REQUIREMENT ▸ Without the pictures, retype exactly the lines from the top of the entries below through the line that contains "Pour déterminer expérimentalement".

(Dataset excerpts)

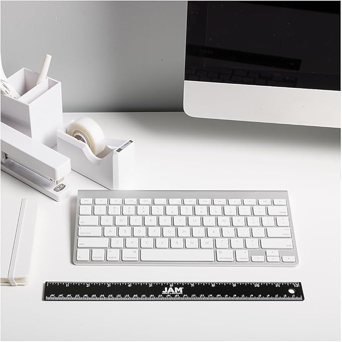 JAM PAPER Strong Aluminum Ruler - 12 Inch - Metal Ruler with Non-Skid Cork Backing - Black Metallic - Sold Individually
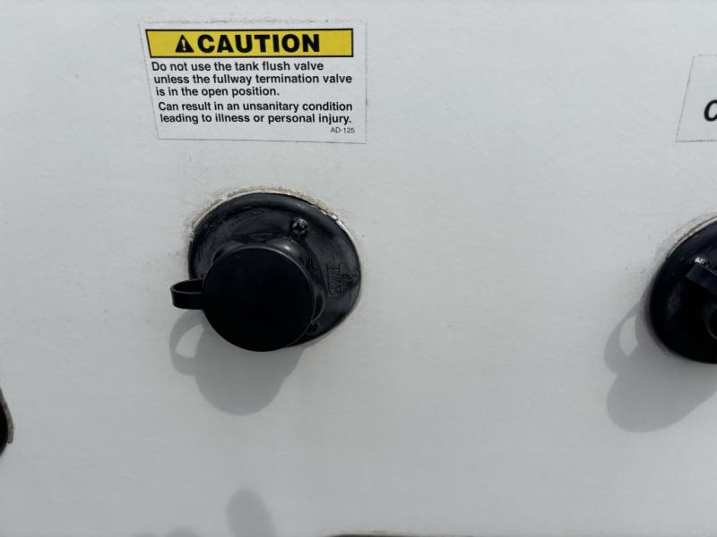 The rear of this unit offers a convenient bathroom including a radius shower, toilet, sink with medicine cabinet, and linen storage above an outdoor kitchen.
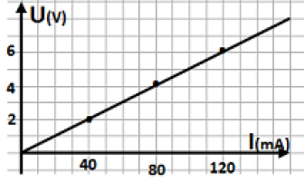 Pour déterminer expérimentalement la résistance d’un résistor, un élève de 3ème trace la courbe caractéristique U = f(I) donnée ci-contre.
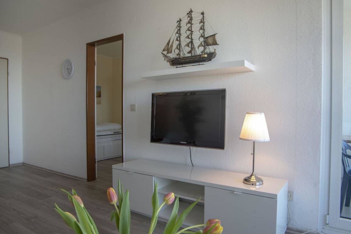 Die Ferienwohnung Frische Brise FeWo 15.09 im 15. Stock bietet auf 43 m² Platz für bis zu fünf Personen. Sie verfügt über ein separates Schlafzimmer und einen kombinierten Wohn- und Essbereich, der mit einem gemütlichen Sofa, einem Essbereich und einem modernen TV ausgestattet ist. Die offene Küche ermöglicht eine mühelose Selbstversorgung mit einem 4-Platten-Herd, Backofen, Mikrowelle, Kühlschrank mit Gefrierfach sowie Geschirr und Küchenutensilien. Das Badezimmer bietet eine Dusche, Waschtisch und WC. Ein Aufzug erleichtert den Zugang zur Wohnung und ist besonders vorteilhaft für Gäste mit eingeschränkter Mobilität. Gemeinschaftliche Einrichtungen wie ein Indoor-Pool, eine Sauna, ein Tennisplatz und Waschmaschinen sind ebenfalls verfügbar. Dieser lichtdurchflutete Raum mit traumhaftem Meerblick ist ideal für Erholungssuchende und Aktivurlauber gleichermaßen.
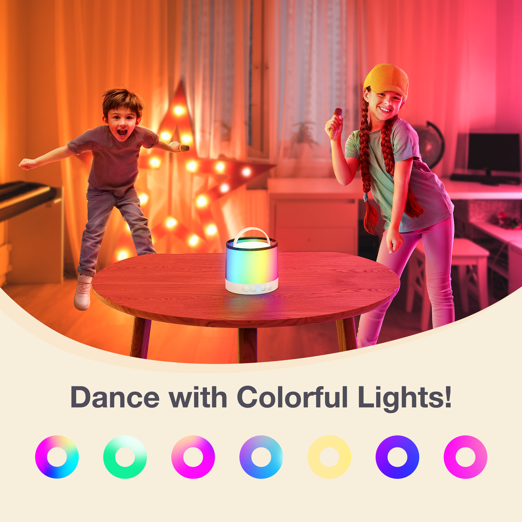 BlitzMax lasten karaoke-kaiutin tarjoaa selkeän äänen, helpon kannettavuuden ja hauskat valotehosteet koti-iltoihin, juhliin ja leikkihetkiin.

TASK OUTPUT ▸
 JAM PAPER Strong Aluminum Ruler - 12 Inch - Metal Ruler with Non-Skid Cork Backing - Black Metallic - Sold Individually
 The rear of this unit offers a convenient bathroom including a radius shower, toilet, sink with medicine cabinet, and linen storage above an outdoor kitchen.
 Pour déterminer expérimentalement la résistance d’un résistor, un élève de 3ème trace la courbe caractéristique U = f(I) donnée ci-contre.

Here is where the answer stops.